### AVAILABLE DATA
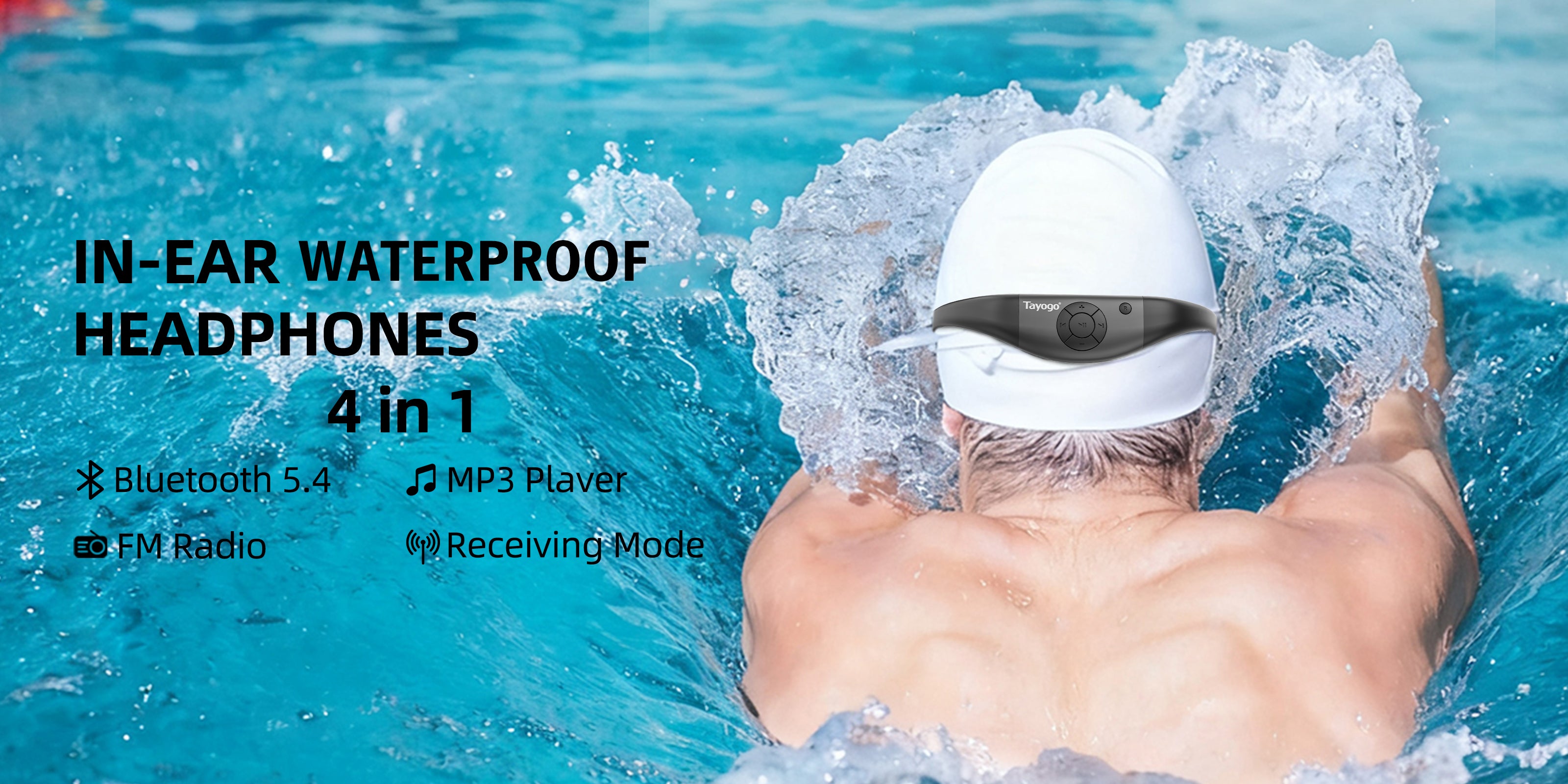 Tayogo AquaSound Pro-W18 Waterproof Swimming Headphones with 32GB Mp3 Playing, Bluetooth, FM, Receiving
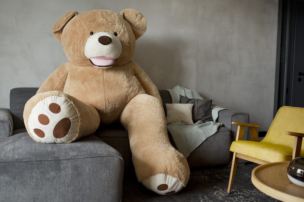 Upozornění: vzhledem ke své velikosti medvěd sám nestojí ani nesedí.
* * *
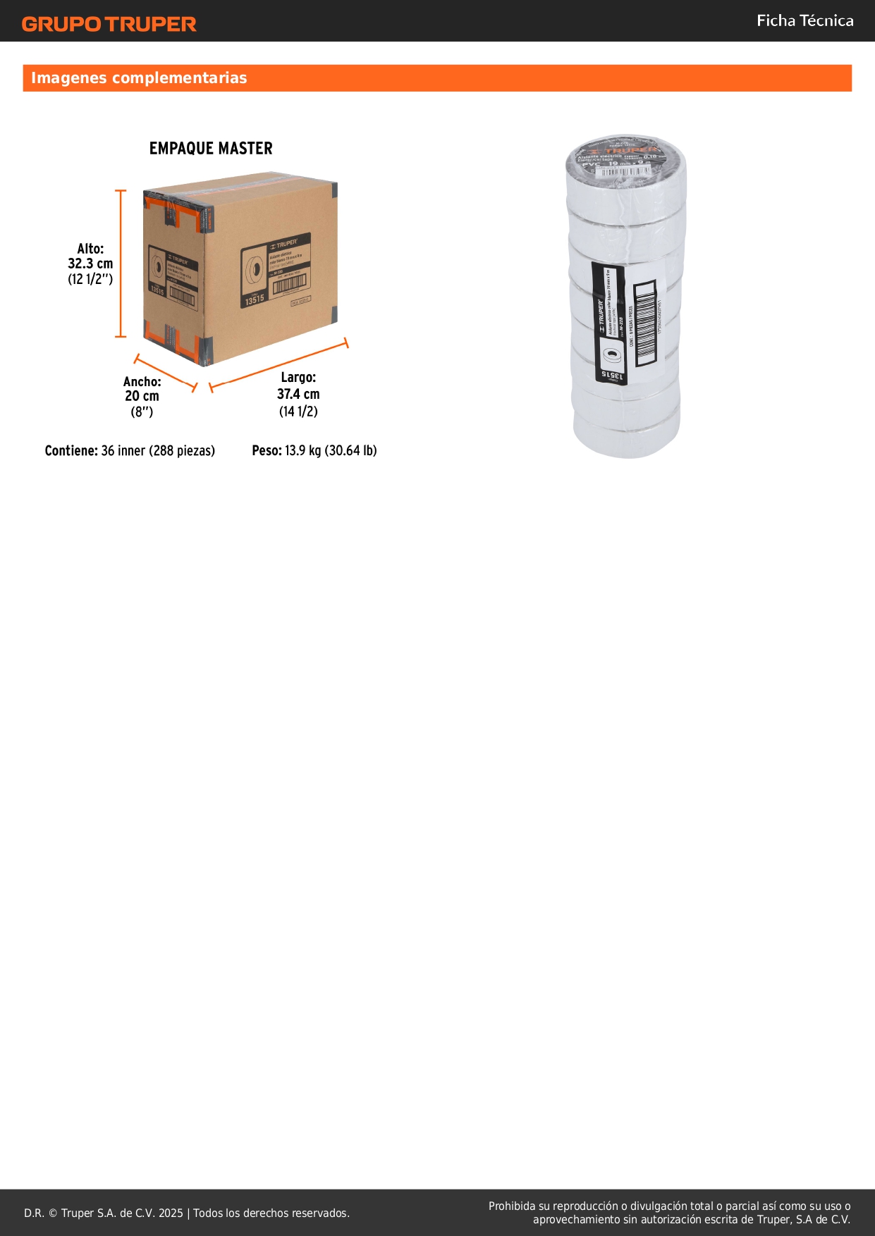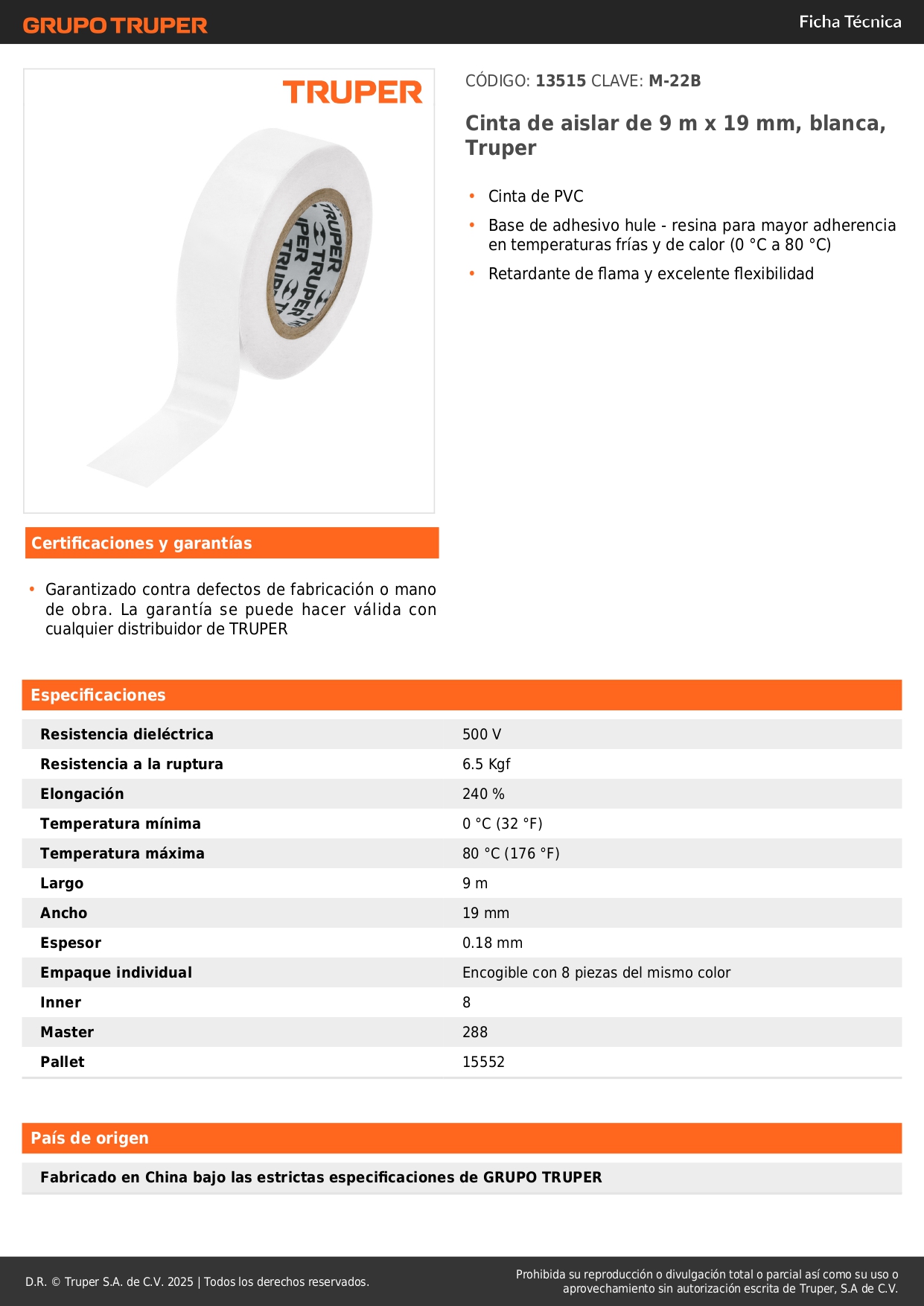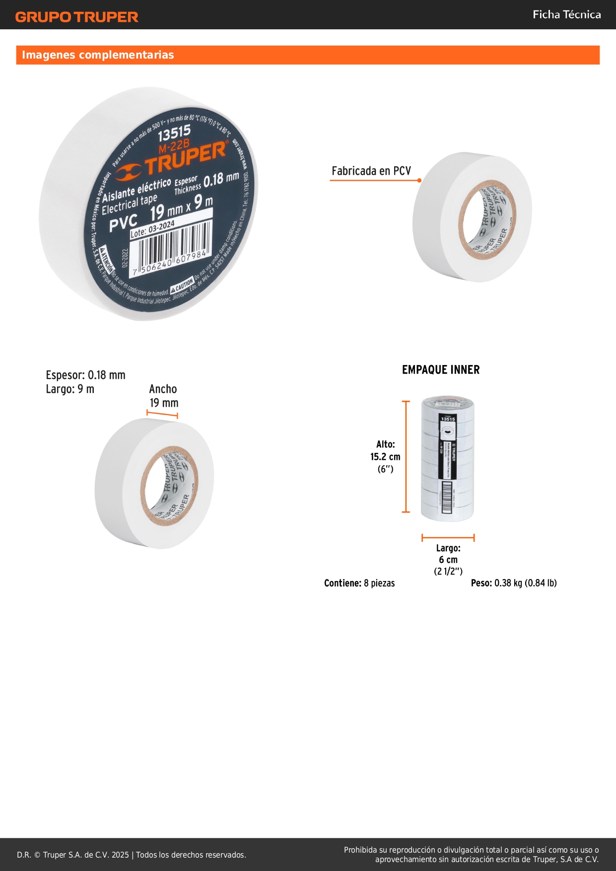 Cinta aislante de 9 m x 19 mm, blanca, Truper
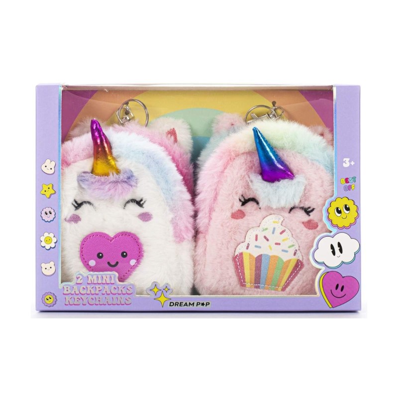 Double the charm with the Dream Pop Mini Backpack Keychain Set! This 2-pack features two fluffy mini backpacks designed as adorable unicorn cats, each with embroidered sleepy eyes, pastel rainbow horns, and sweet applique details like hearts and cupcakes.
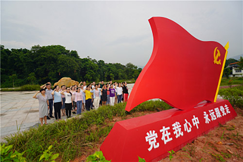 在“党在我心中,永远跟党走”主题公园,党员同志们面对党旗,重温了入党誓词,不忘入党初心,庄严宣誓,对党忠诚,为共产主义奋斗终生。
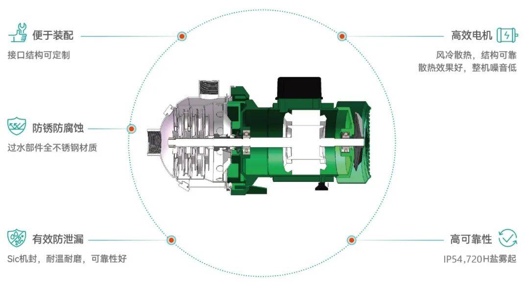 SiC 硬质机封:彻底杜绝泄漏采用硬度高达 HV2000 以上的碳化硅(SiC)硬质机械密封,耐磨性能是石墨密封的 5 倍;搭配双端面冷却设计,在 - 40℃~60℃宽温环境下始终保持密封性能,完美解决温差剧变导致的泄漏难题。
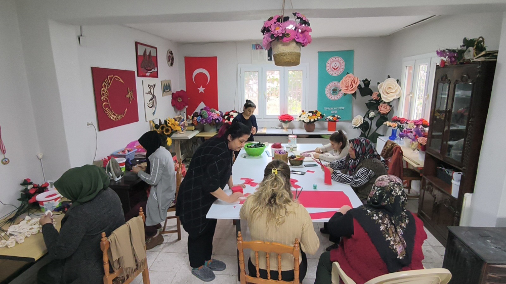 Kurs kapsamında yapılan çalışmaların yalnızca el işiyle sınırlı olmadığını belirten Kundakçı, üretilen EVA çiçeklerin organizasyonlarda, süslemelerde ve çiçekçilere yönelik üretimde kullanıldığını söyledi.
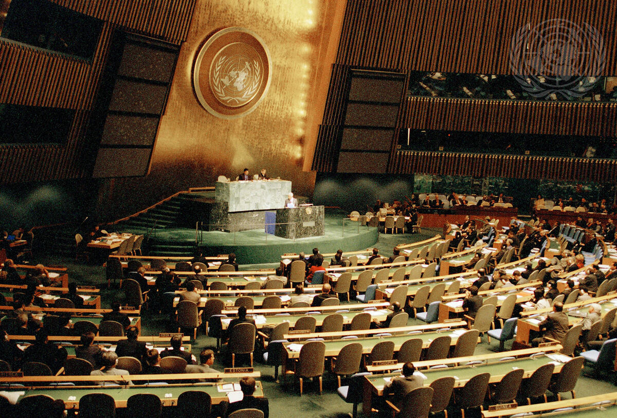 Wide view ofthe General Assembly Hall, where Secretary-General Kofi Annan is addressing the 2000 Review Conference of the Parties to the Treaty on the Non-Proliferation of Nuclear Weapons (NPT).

### YOUR TASK
After locating the line containing "Tayogo AquaSound Pro-W18" in the entries above, return it and every line after it exactly, ending at the line containing "Upozornění: vzhledem ke", without pictures.

### EXERCISE SOLUTION
 Tayogo AquaSound Pro-W18 Waterproof Swimming Headphones with 32GB Mp3 Playing, Bluetooth, FM, Receiving
 Upozornění: vzhledem ke své velikosti medvěd sám nestojí ani nesedí.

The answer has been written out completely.